I know they say the PCV is for 09's and up. I tune a 2007 960 Outlander that had a PCV on it with no issues.


----------



## countryboy61283 (Mar 20, 2010)

Will the pc3 work with 09 and up cause they have a ignition module that's for them now


----------



## 2010Bruterider (Jun 20, 2010)

Yes. The PC3 will work on an 09 Brute


----------



## Bootlegger (Dec 18, 2008)

countryboy61283 said:


> Will the pc3 work with 09 and up cause they have a ignition module that's for them now


Yep...sure will.


----------



## DRZfour00 (Apr 9, 2010)

Not sure why anyone would go with the PC3 or PCV over the MSD? The MSD does so much more and is a whole lot less complicated IMO. You have to add all these PC boxes together to get them to do what the MSD box does, although the MSD doesn't autotune. I've used all these different programmers in the past on a few different EFI bikes, from PC3 to VDI and now the MSD, and hands down the MSD takes the cake...


----------



## sjf323 (Mar 11, 2009)

brute for mud said:


> msd it will be where can i find it and thank you


 
talk to xtremesidebyside (sponser on site). tell him wht john is selling it for he will beat it. Just ordered one myself from him.

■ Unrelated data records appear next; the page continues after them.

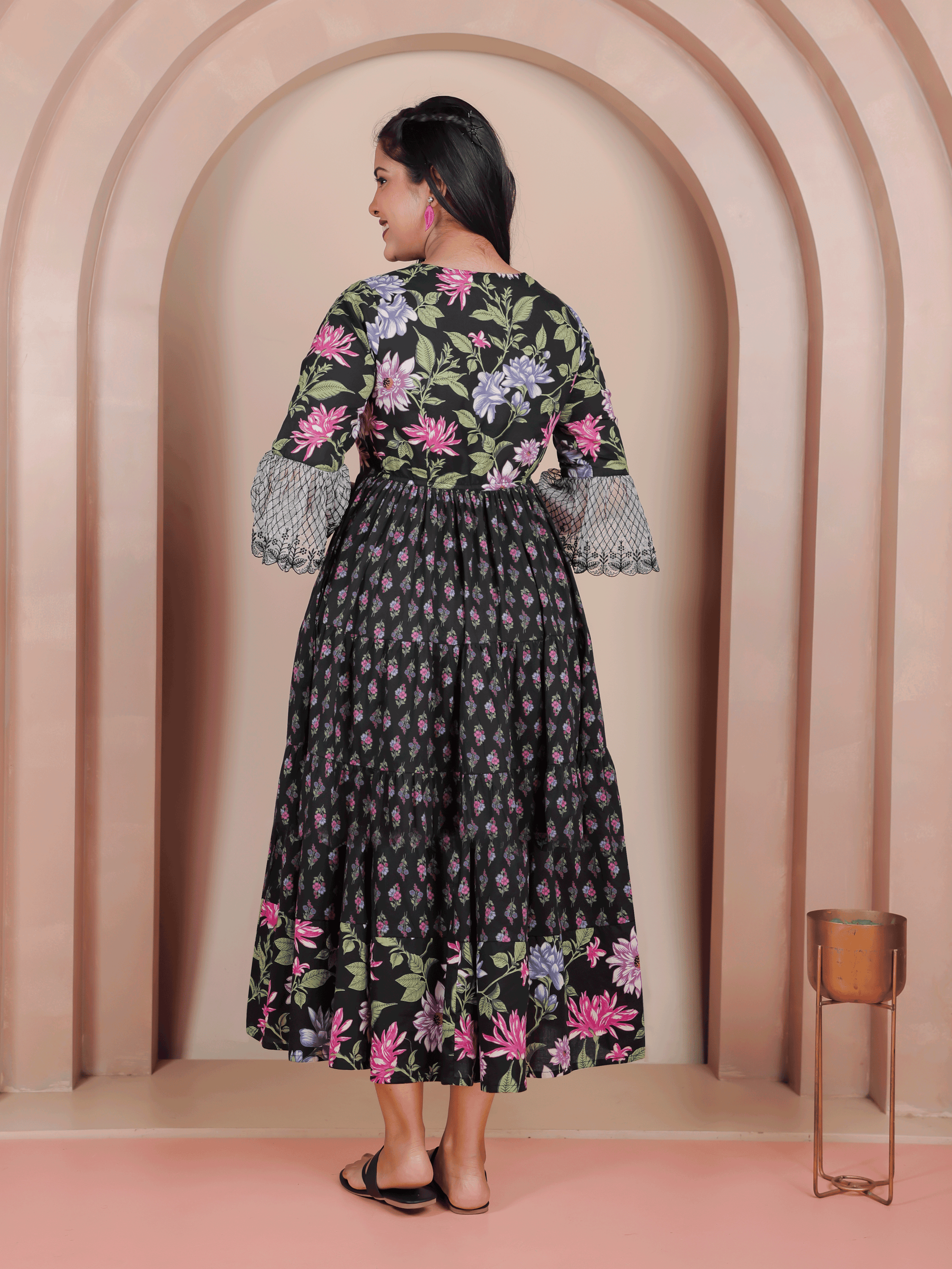 Add a stylish staple to your wardrobe with this Flared dress in Black. The breathable Soft Cotton fabric keeps you comfortable all day, while the Floral motifs and subtle work elements create a sophisticated charm. Dress it up with heels or keep it casual with flats.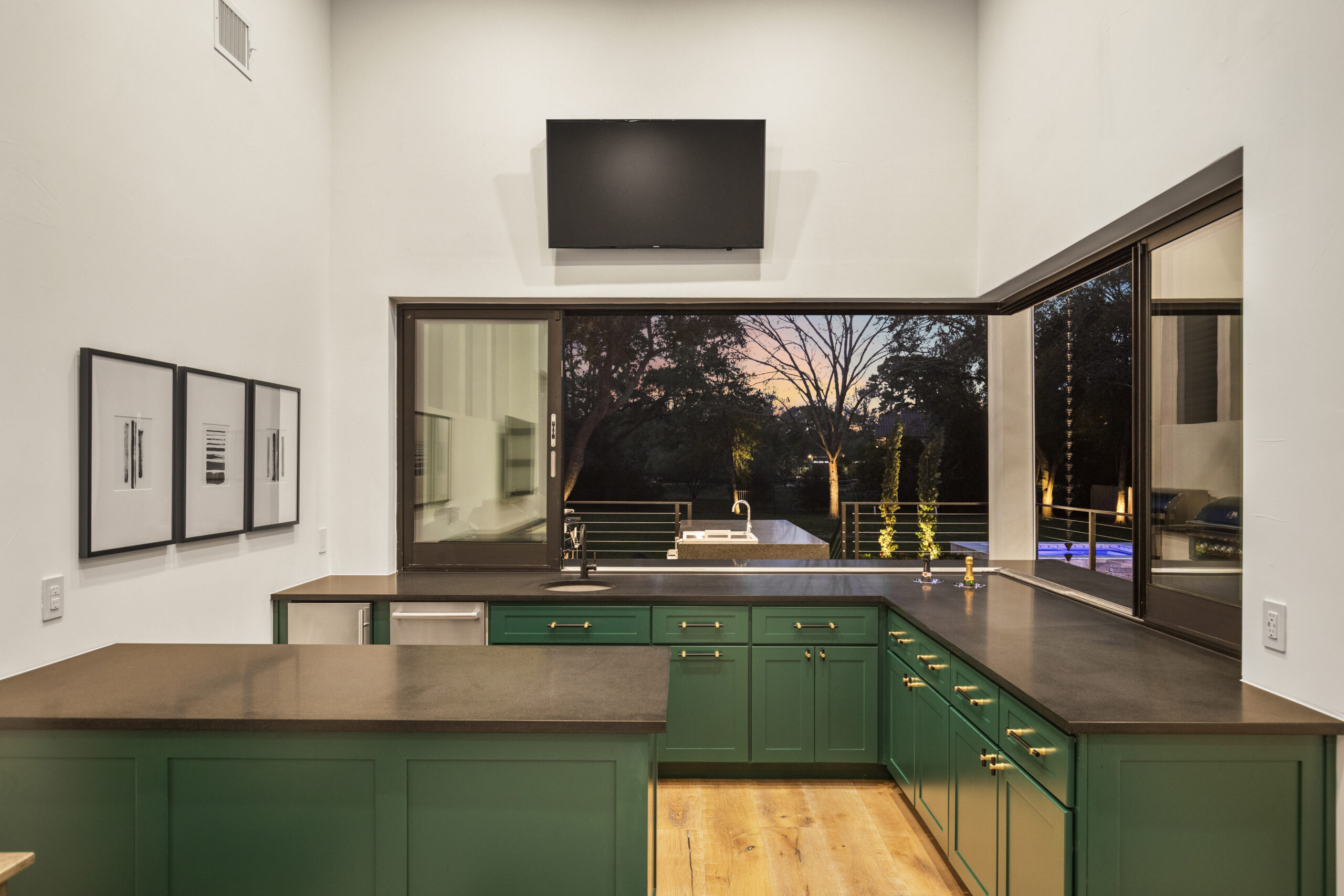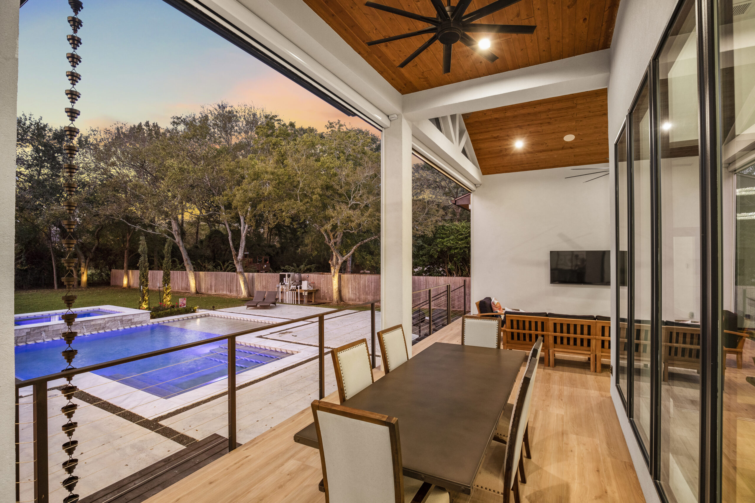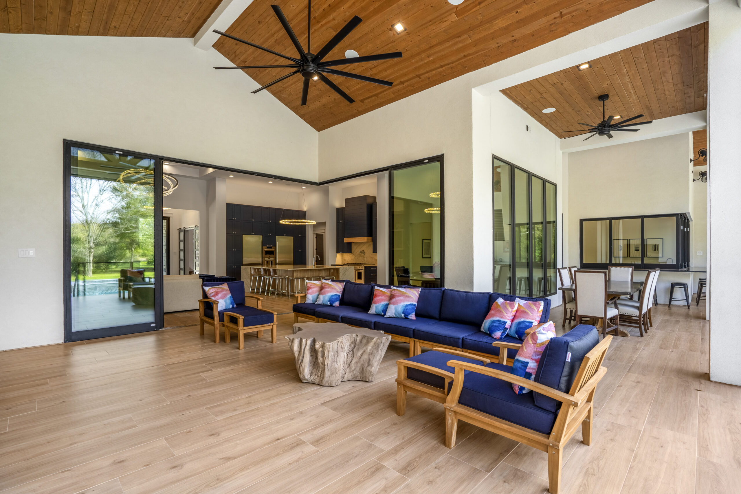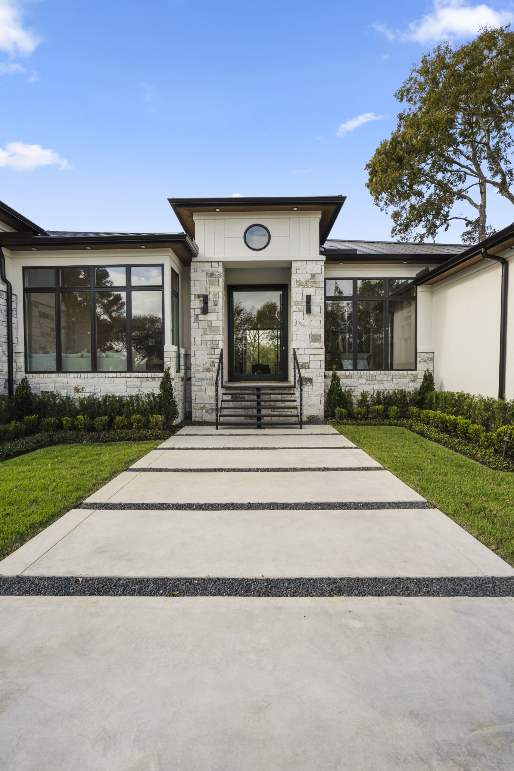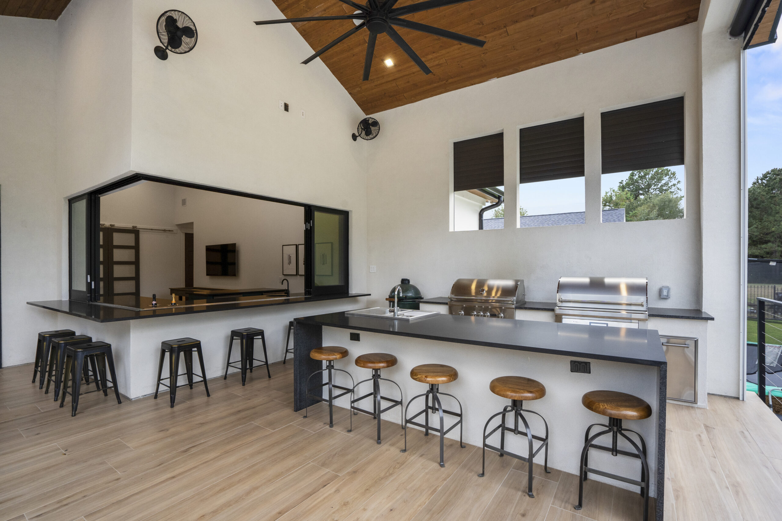 This modern home blends clean architectural lines with subtle Hill Country influences. Interior finishes extend seamlessly outdoors, creating a strong indoor-outdoor connection anchored by a corner-meet sliding door. Detailed ceiling treatments add depth and visual interest throughout the home. The primary suite offers a true retreat with expansive his-and-hers closets and a spa-like wet room. Additional features—including dual offices, a large game room, and custom-finished bedrooms—support both function and elevated living.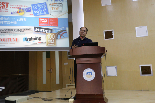 褚福代表辉瑞投资有限公司发言,他向同学们介绍了公司的基本情况及当今医药行业的发展趋势,详细介绍了进入该公司后的薪资待遇、培训的相关事宜、工作内容及人才需求,并向同学们分享了自己在辉瑞的工作经历与收获。他表示,此次“辉瑞班”的开班不仅是三全学院的大事更是辉瑞投资有限公司的大事,希望我校学生通过在“辉瑞班”的学习能更明确自己的职业规划,书写属于他们的壮丽篇章。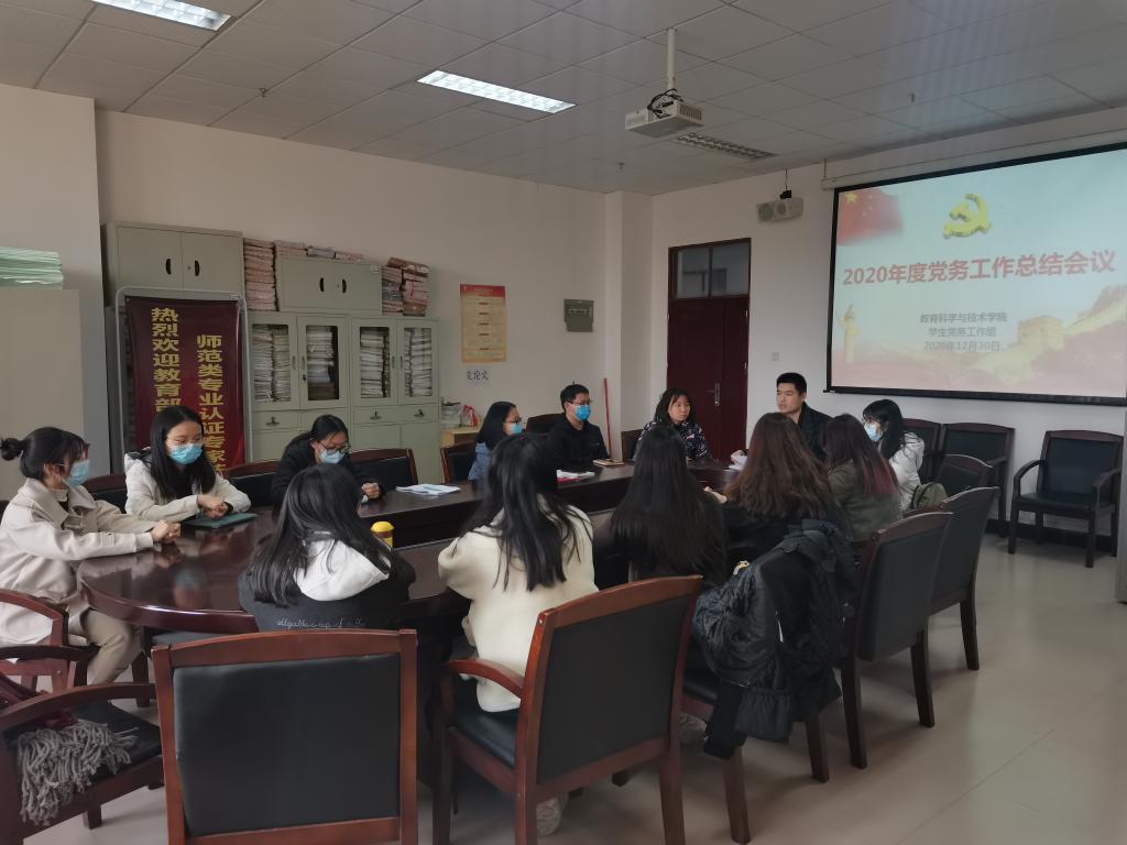 2020年12月30日下午,教育科学与技术公司在白云校区一教315会议室召开2020年度员工党建工作总结会议。会议由专职组织员吴晨阳老师主持,各员工支部委员会、员工党务工作组全体成员参加会议。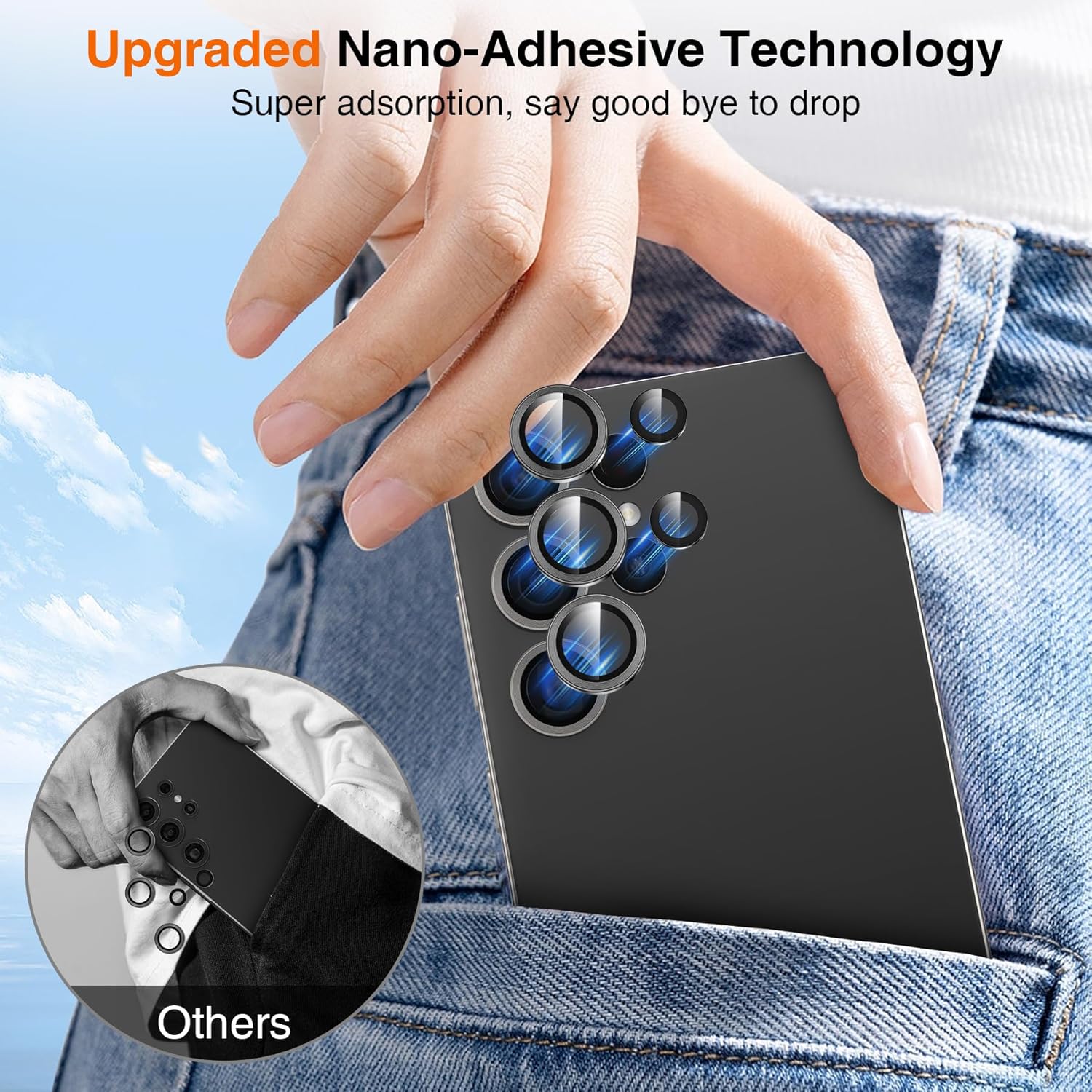 - Upgraded Nano-Adhesive Technology: The Samsung Galaxy S25 Ultra camera protector adopts the newest developed flexible adsorption technology to protect camera from all angle, dust free and waterproof, fitting tightly does not easy to fall off. Using removal tool if you want change, donโt worry about residual glue and it isnโt damage the camera.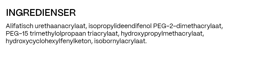 nol PEG-2 Dimethacrylate, PEG-15 Trimethylolpropane Triacrylate, Hydroxypropyl Methacrylate, Hydroxycyclohexyl Phenyl Ketone, Isobornyl Acrylate.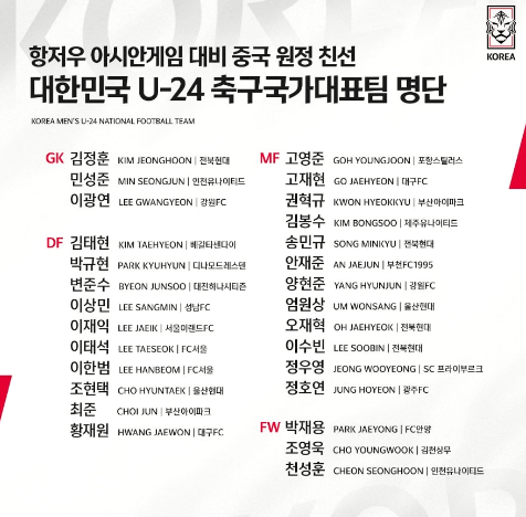 대한민국 U-24 축구국가대표팀 명단은 다음과 같습니다.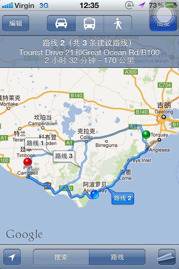走大洋路,建議早上6點半從墨爾本出發(fā),這樣達到地圖上的紅點出,差不多9點半。從墨爾本市區(qū)到紅點處差不多是180多公里,要這么久是因為市區(qū)會堵車還有就是市區(qū)會限速。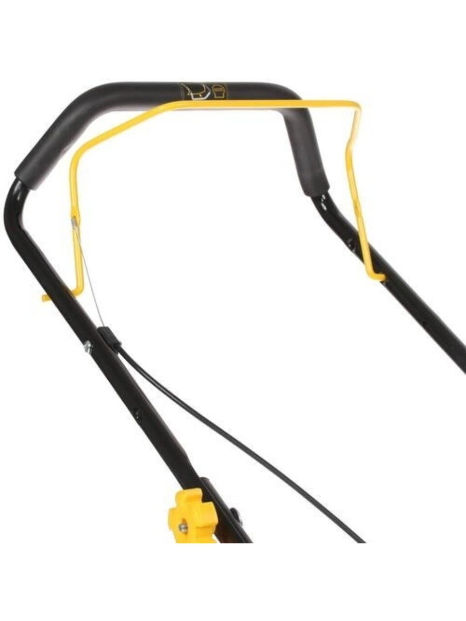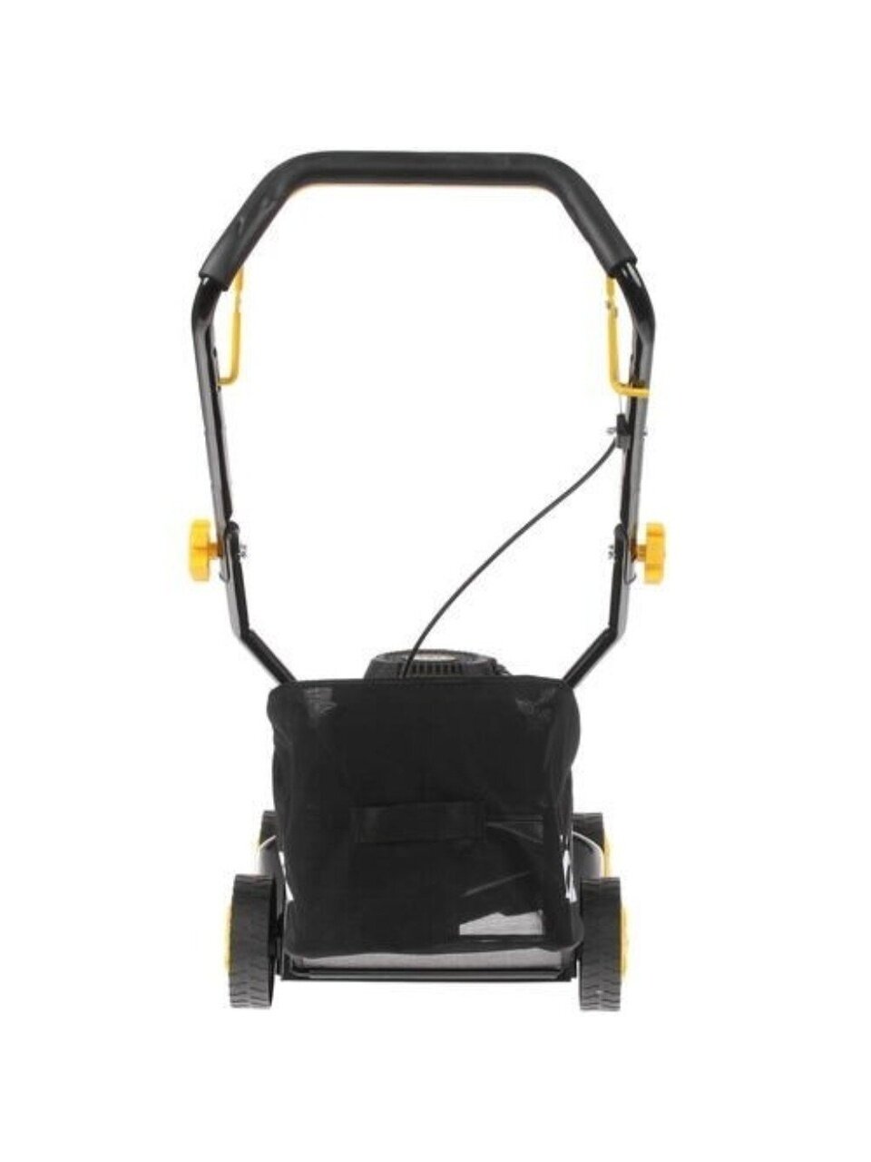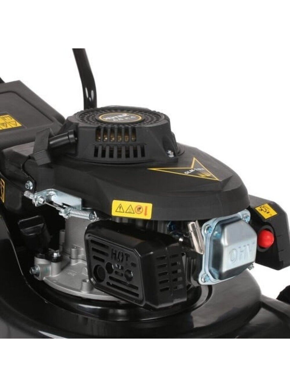 - Газонокосилка оснащена двигателем мощностью 4 л. с., что позволяет ей справляться с различными видами газонных покрытий, включая высокую траву и участки с неровной поверхностью.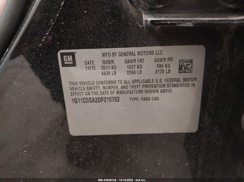 2013 CHEVROLET MALIBU - 1G11C5SA2DF216782, колір - Чорний, 2.5, Бензин, Передній привід із США
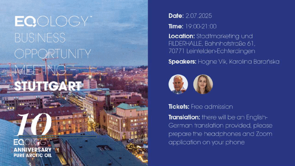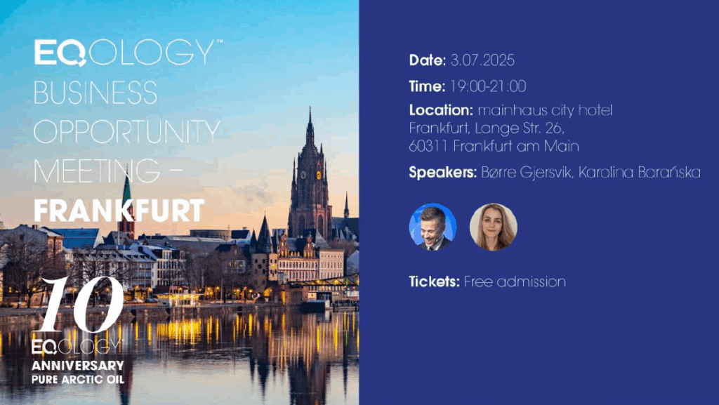 03.07.2025 @ 19:00 – 21:00 – Business Opportunity Meeting – Frankfurt am Main Entdecken Sie das Potenzial von Network Marketing und erfahren Sie mehr über die Chancen einer Zusammenarbeit mit der Firma Eqology, dem Experten für hochwertige Omega-3-Fettsäure Produkte aus dem arktischen Meer.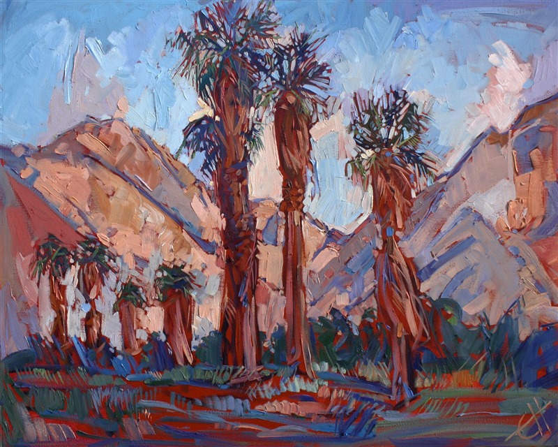 Wind rushes through these monumental palm trees standing sentry at Borrego Springs, California. The oil paint is applied in thick, loose brush strokes.

Anyone want to buy the VDI.....make me an offer!

Scott


----------



## Bootlegger (Dec 18, 2008)

The Auto tune is not all what its cracked up to be.


----------



## countryboy61283 (Mar 20, 2010)

I like the pc3 or pc5 cause the more I read and the more talk to people you tune them more accurately and better than the msd, and now they make a ignition module for pc3 to get ride of the timing retard which is even more adjustable, I had my heart set on a msd but now I think I'm switching


----------



## Bootlegger (Dec 18, 2008)

I haven't gotten to tune an MSD yet...cause they are only for Brutes from what I'm told...not sure though. Timing is great....but don't mean much if your fuel can't be fine tuned. I'm sure there a good product though. I really think that most people would be surprised at how far off the maps they load from others really are. Especially if you have snorkels. I can't wait till I get a chance to tune an MSD. That way I will have first hand knowledge of how tunable they are. The only thing I won't tune is a VDI...from what I'm told the Ones for Brutes are a nightmare. The VDI for the King Quad's are near as troublesome as the Brutes but still have their issues.


----------



## jcwilds (Feb 23, 2014)

I bought a used pc3 from a friend. I didn't think it would work on a 09 brute which is what I have. What can I do to make it work?


----------